I long for summer to come. But then I’ll probably moan when it does as my belly will be giant by then.

I resent the fact that I’m getting stretch marks already.

I have really mixed feelings about having a baby.

I’m not confident about my ability to be a good mom.

I want to enjoy every day with my husband before we become parents.

I am SO glad that I married at an older age and that we waited almost 2 years before becoming pregnant. I wouldn’t trade my single years, wouldn’t trade my newly married years with Mark, wouldn’t trade any days of my life for anything but what they were. I feel like Mark and I got to do all that we wanted to see and do before we married, and now, we’ve just enjoyed each other and married life. Our lives are happy and full. God knew what He was doing in the timing of everything. He is a GOOD God!
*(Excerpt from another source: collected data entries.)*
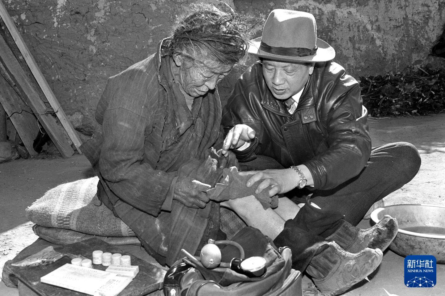 孔繁森在阿里日土縣過巴鄉(xiāng)為孤寡老人益西卓瑪(左)治病。
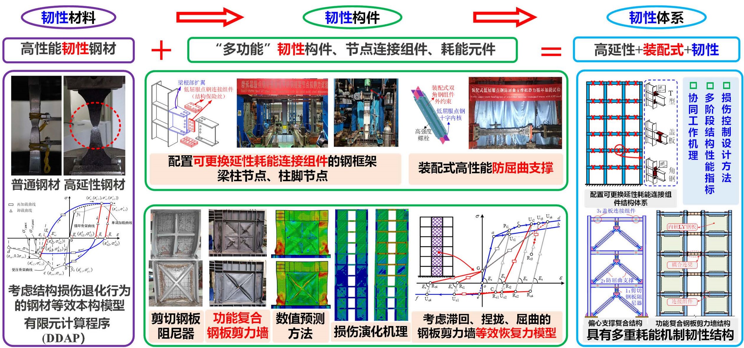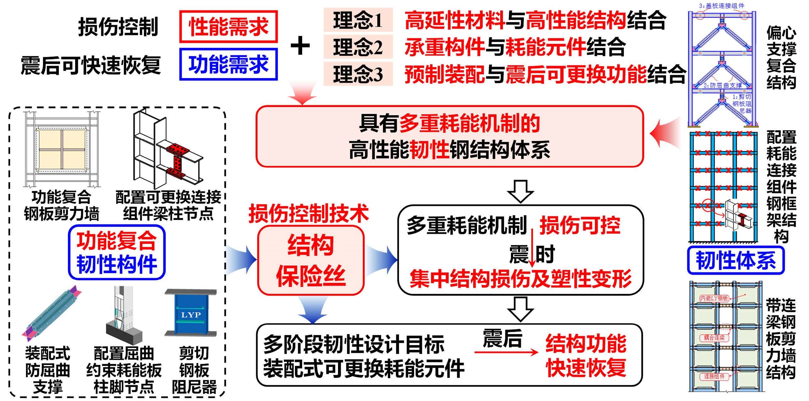 图2 高延性钢结构损伤控制与韧性提升关键技术及应用研究工作
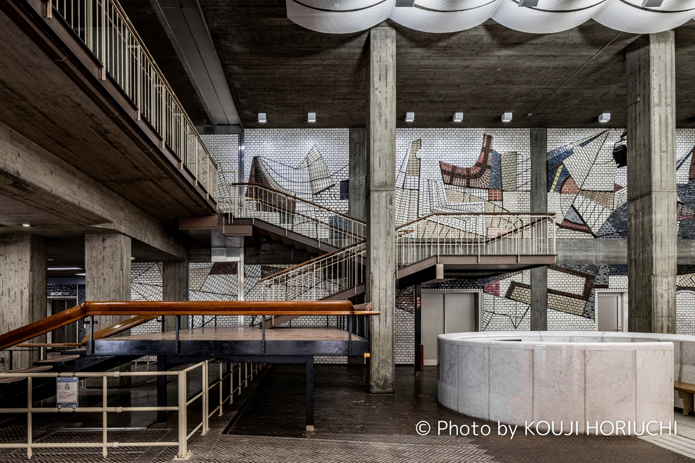 走入室內,歷史的線索處處可尋:1 樓大廳 OMO BASE 中,重現了昔日市會議場的圓形吊燈元素;過去標誌性的市民廣廳大階梯被重新構築為串連 1、2 樓的動線,村野藤吾常用的流線扶手也在其中復活,以原木材質再度現身。在麵包店 OMO Bakery 的牆面,則原地保存了雕刻家辻晉堂所創作的泰山磁磚浮雕〈海‧波‧船〉,它過去是被裝飾於舊市長室入口。
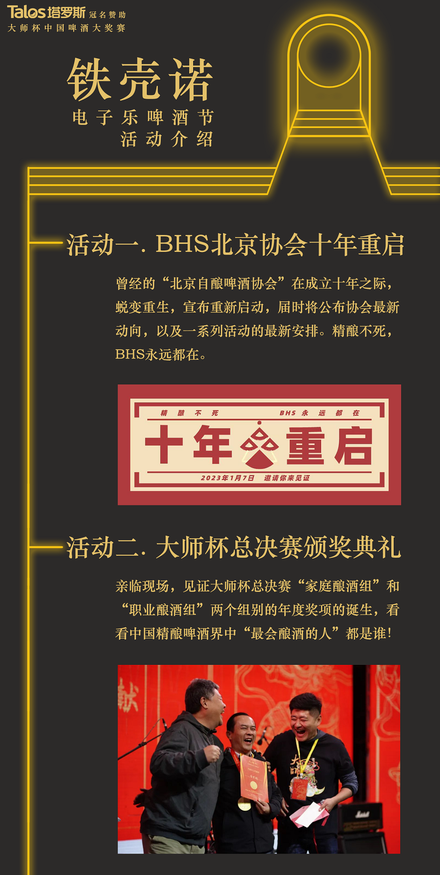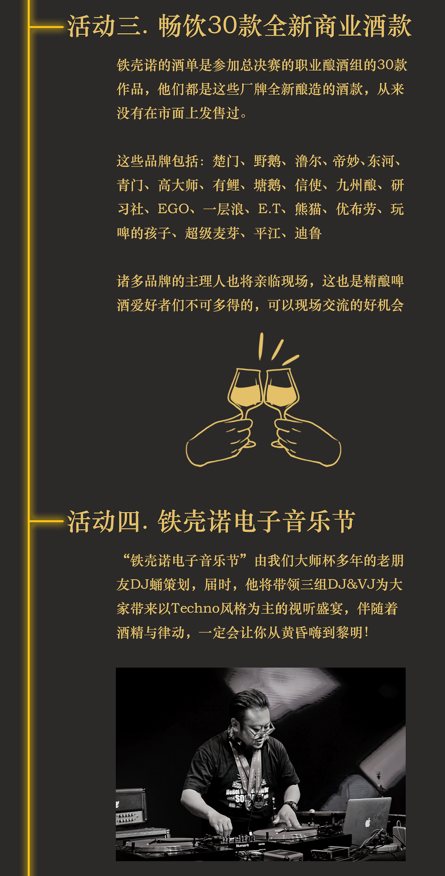 1月7日,铁壳诺电子乐啤酒节为你带来30款大师级未经发售的全新酒款畅饮体验。所有酒款均为第十一届塔罗斯·大师杯总决赛入围厂牌酿造,每款都有冲击总冠军的实力。
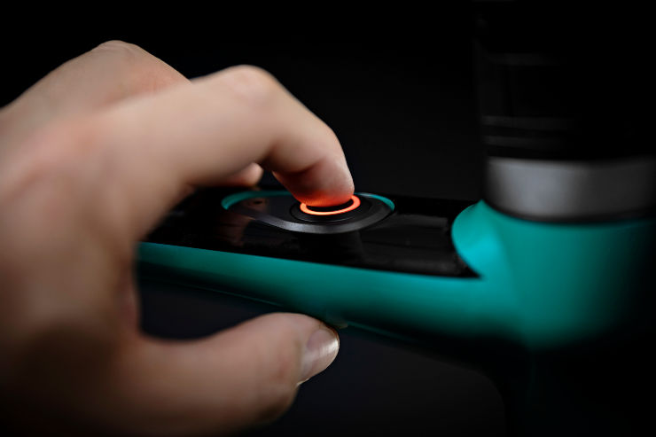 By zachować maksymalnie czysty wygląd kokpitu, umieściliśmy włącznik/wyłącznik iWOC na górnej rurze roweru. Dzięki temu jest on łatwo dostępny w każdej sytuacji na trasie. To nie tylko włącznik/wyłącznik, iWOC pozwala też zmieniać przyciskiem poziomy wsparcia. Różne kolory podświetlanego okręgu znajdującego się na iWOC wskazują na obecnie używany tryb. Dzięki połączeniu różnych funkcji w jednym urządzeniu rower ma czysty wygląd, zwłaszcza w okolicy kokpitu. Zapewnia to również cichą jazdę i ułatwia montaż wyprawowych toreb.
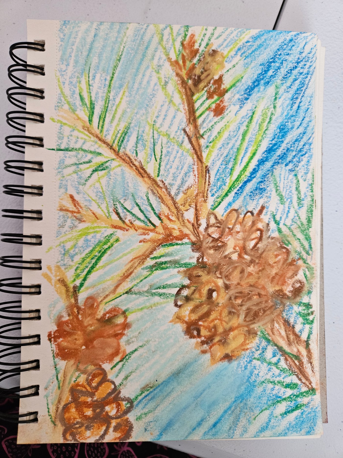 The other day, I was at the back of our property with Kyle with our tiller. Above us was this pine tree we believed to be mostly dead, yet behold these little pinecones were growing, cracking open actually. The sound was this bizarre melody of crackling, like rice krispies in milk.
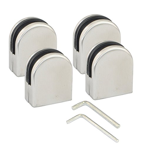 IKKEGOL 4 pezzi in acciaio inox rotondo 304 vetro clip morsetto Supporto superficie di vetro della finestra, Argento, 30141
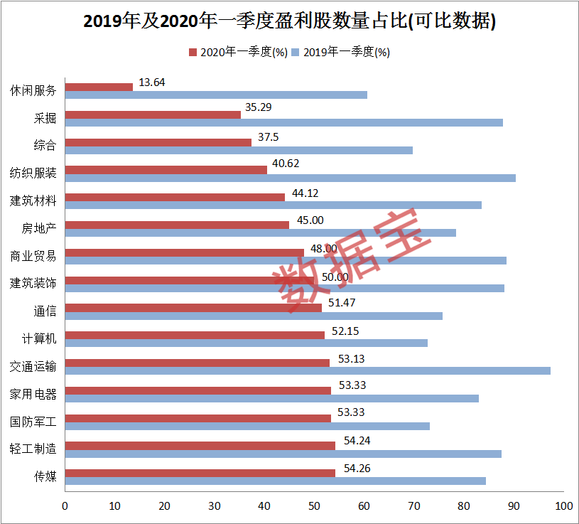 从盈利股数量占行业比例来看,休闲服务行业盈利股数量占比不到15%,而去年同期超过60%;采掘、综合行业一季度盈利股数量占比低于四成,前者比去年同期低了50多个百分点;纺织服装行业仅有四成,大幅低于去年同期水平。传媒行业虽然整体盈利股数量占比超过50%,不过这主要受益于细分板块云游戏股的支撑,而文化传媒板块盈利股数量占比不到三成,仅高于休闲服务,去年同期该比值达到84%。
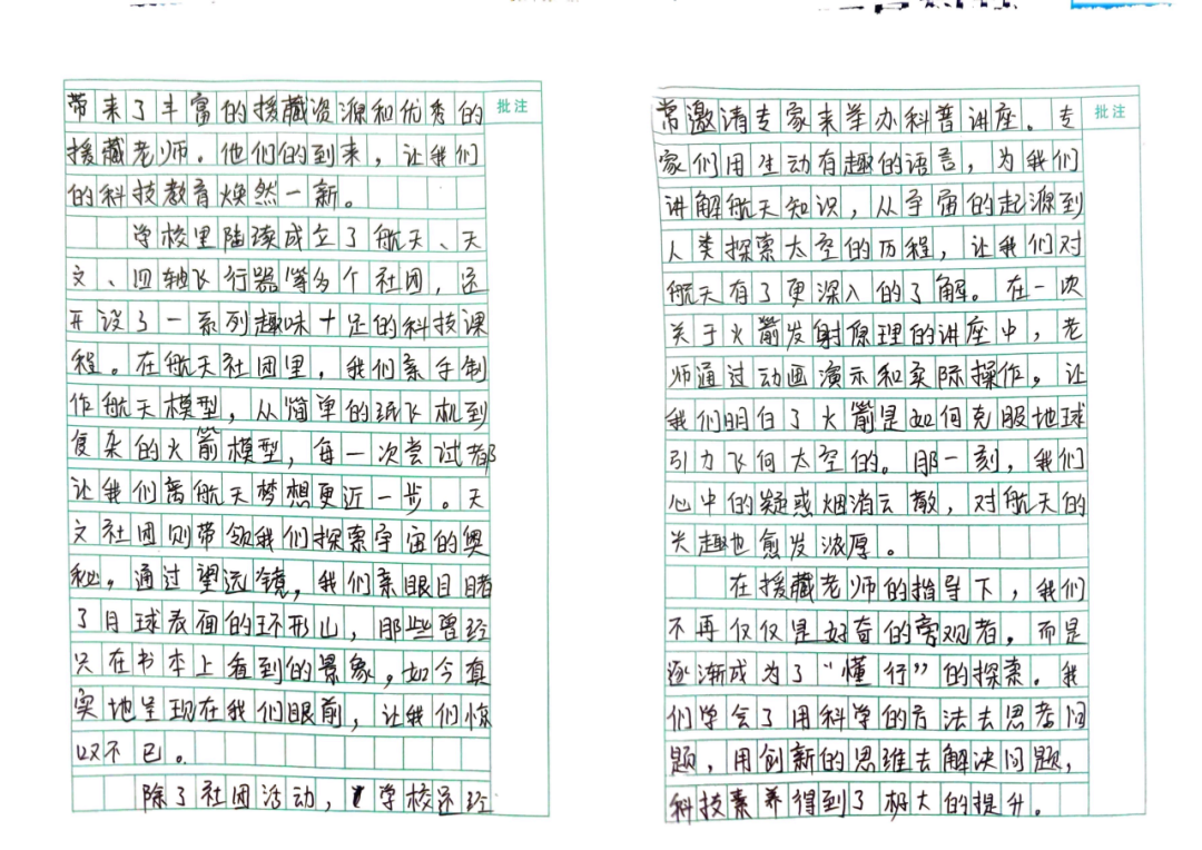 学校里陆续成立了航天、天文、四轴飞行器等多个社团,还开设了一系列趣味十足的科技课程。在航天社团里,我们亲手制作航天模型,从简单的纸飞机到复杂的火箭模型,每一次尝试都让我们离航天梦想更近一步。天文社团则带领我们探索宇宙的奥秘,通过望远镜,我们亲眼目睹了月球表面的环形山,那些曾经只在书本上看到的景象,如今真实地呈现在我们眼前,让我们惊叹不已。
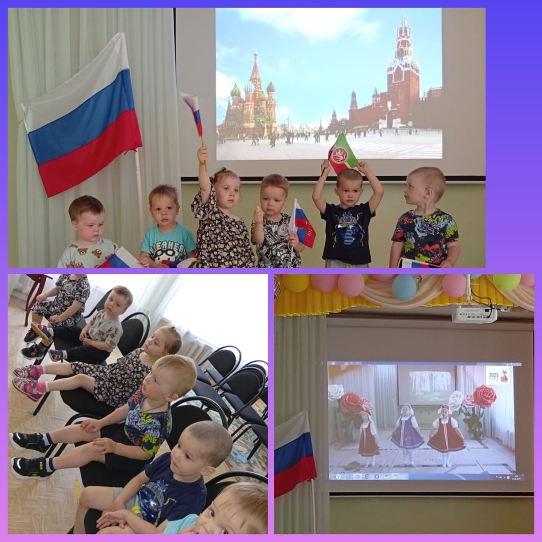 В нашем детском саду мы уделяем большое внимание знакомству детей с государственными праздниками и важными событиями в истории страны. Завтра вся страна отметит День России — праздник, который символизирует единство нашего народа и гордость за нашу страну. А сегодня, в преддверии этого знаменательного события, в нашем детском саду царила особенная атмосфера: самого утра звучали патриотические песни, в группах проводили беседы. А затем в детском саду прошло познавательно-развлекательное мероприятие «Моя Россия», посвящённое Дню нашей любимой страны. Ребята торжественно исполнили гимн России, закрепили свои знания о флаге, гербе. А также узнали о том, что наша страна – самая большая и красивая в мире, а наш родной и любимый город Бугульма — это маленькая часть огромной России. Дошкольники познакомились с людьми, которые имеют отношение к нашему городу. А ещё, как и принято на празднике, водили хороводы, пели песни и танцевали, отгадывали загадки, читали стихи.
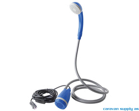 Smart og enkel reisedusj! Senk synkepumpen ned i vannkannen og koble til 12V kabelen. Perfekt til å ta en oppfriskende dusj, rengjøre sykkel, vaske kjøretøy, vaske hunden eller for oppvasken etter et måltid. Solid kvalitet og tar liten plass å oppbevare. Inneholder dusjhode med 5m slange, 12V synkepumpe, sugekopp for dusjhodet, kabel med 12V plugg og bag.
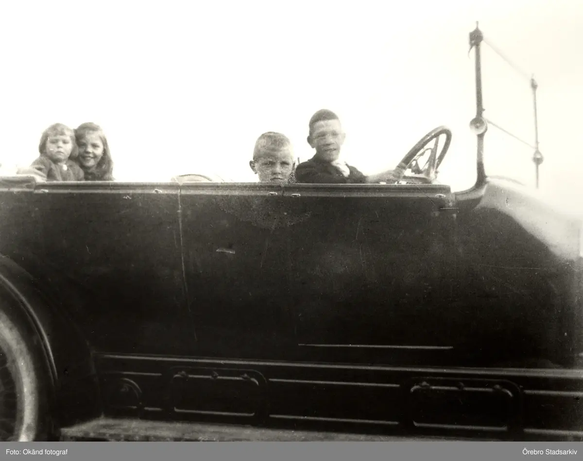 Barn i Charkuterihandlare Janssons bil, 1920-tal
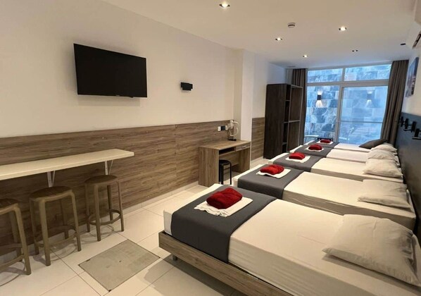 This Studio Apartment accommodates a standard of 5 people (single beds), a kitchenette (electric stove, kettle, mini fridge, microwave), a TV, a small dining counter, and a bathroom. This apartment is on the lower ground floor and has a terrace.
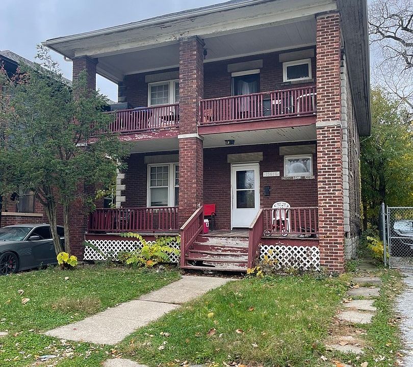 Spacious brick 2-unit on an oversized lot! Each unit features 7 rooms, including 3 bedrooms and 2 full baths, plus separate heating systems and utilities. Enjoy charming open front porches on both levels, hardwood floors throughout, and classic woodwork. The unfinished basement offers front and rear entries, providing great potential for additional space. Large fenced yard with existing garage slab in place. Enclosed rear porch as well. Property is in good condition but being sold as-is. Priced to sell-don't miss this opportunity!
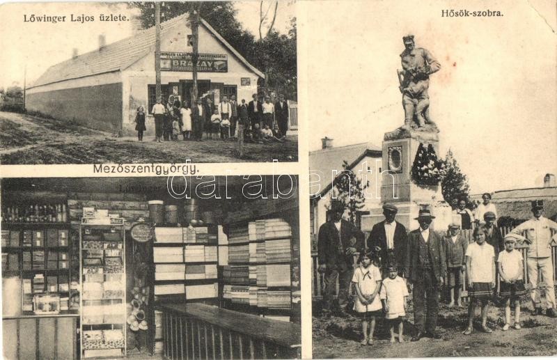 Mezőszentgyörgy, Hősök szobra, Lőwinger Lajos üzlete, külső és belső n... https://www.darabanth.com/hu/342-Gyorsarveres/342.0/Kepeslapok/Magyarorszag~2000004/Mezoszentgyorgy-Hosok-szobra-Lowinger-Lajos-uzlete-kulso-es-belso-nezet-Brazay-sosbo~II1887555

I appreciate my single friends and what they add to life.

I love my family. I miss seeing Mark’s family.

I am so completely appreciative of the fact that I waited to marry my best friend. God kept me from settling for second best, and He gave me the very best.

I love Colorado. I love traveling too. I’m already trying to work out how we’ll travel with a baby.

I get frustrated with being overly busy, working a lot, and not getting to do the desires of my heart.

I get stressed with paying bills.

I need to trust God more.

I need to love more.

I need to relax more.

I’m coming to really appreciate and apply all the Jesus did on the cross for us. He is my righteousness, He is our Healer, He is our Provider, He did it all. He is my All.

2 thoughts on “just random thoughts

  1. It’s like reading the 25 Random Things that’s circulating on FB except this is more indepth and serious. I’m glad you wrote this. I miss how often you used to write blogs but I also know how busy and overwhelmed you are. Love you my friend.

  2. I too enjoyed reading this. Makes me think of making a list for myself! Don’t worry about being a mom, God gives you what you need when you need it. I am learning to enjoy God’s grace in parenting.